I run affiliate programs for my businesses, none of which have a box for coupon codes when you sign up. Despite that, nearly every day new coupon sites sign up for the affiliate program.
They usually have a webpage full of "coupon codes" offering discounts that don't exist made up, ready to add the referral link to. I remove all these sites from the program, some leave the pages up anyway.
Even coupons.com has a page for my business with several "Click to Save" buttons that do nothing. They're publicly traded as well.
Some of the sneakier coupon sites will put up other, competing products that do have affiliate programs to try and flip people into a product where they get paid.
The scam back in the day* was that they would bid on their retailer's own keywords. Their ads would send that traffic through their own affiliate links and get paid on any revenue generated. The ads looked legit and appeared to point to the retailers so most folks never even knew. So they cannibalized their retailer's own paid traffic and made it more expensive to bid on their own keywords.
*Back in the day was nearly ten years ago. Things may have changed.
I see other folks have already explained what I would call the "pop-under" approach where a new window is opened from RMN's site to the retailer in question. This is nefarious but in a slightly different way than the above.

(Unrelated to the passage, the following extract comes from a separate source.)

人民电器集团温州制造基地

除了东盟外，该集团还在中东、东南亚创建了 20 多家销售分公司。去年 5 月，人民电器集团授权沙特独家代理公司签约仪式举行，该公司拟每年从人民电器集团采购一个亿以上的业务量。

Most affilite programs forbid this, but you can find that some clueless program runners allow it... usually because of site owners who are too cheap and clueless to bid on their own keywords anyway.

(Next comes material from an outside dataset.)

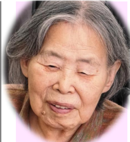
久しぶりの買物なの

They don't actually refer anyone (usually you don't look for coupons before you're at the checkout window), but in order to view a coupon you need to click a link that gives you the RetailMeNot referrer cookie, giving RetailMeNot a cut for doing basically nothing.
> RetailMeNot started out as WhaleShark Media and changed its name in 2013 after acquiring RetailMeNot.com, an Australian-based coupon site founded in 2006.
It actually started as RetailMeNot, a website run by two Australians. Whale shark media bought it, and then renamed their company to RetailMeNot. The website has always been RetailMeNot.com.
Huh, totally forgot about that! This was at least partially due to the fact that "WhaleShark Media" had become synonymous with large-scale fraud in some affiliate programs around this time.
RetailMeNot means don't charge me retail price and rather give me the discounted price by use of coupons found on the RetailMeNot website. It was a wordplay of BugMeNot.
They started as such the un-mainstream group, trying to aggregate coupon codes so you could get fair prices without getting hammered with marketing. My, how things have changed. Kudos to them for the payout, but sigh.
That's true.. and if you followed that advice..
- You would never have started retailmenot (too dependent on Google traffic)
- You would never start Buffer and have over 10 million in annual revenue (too dependent on twitter api)
- You would never would have started Heroku and get acquired for millions (too dependent on AWS)
- You would never have started SimilarWeb and be valued at over 100 million dollars (too dependent on browser extensions and Google)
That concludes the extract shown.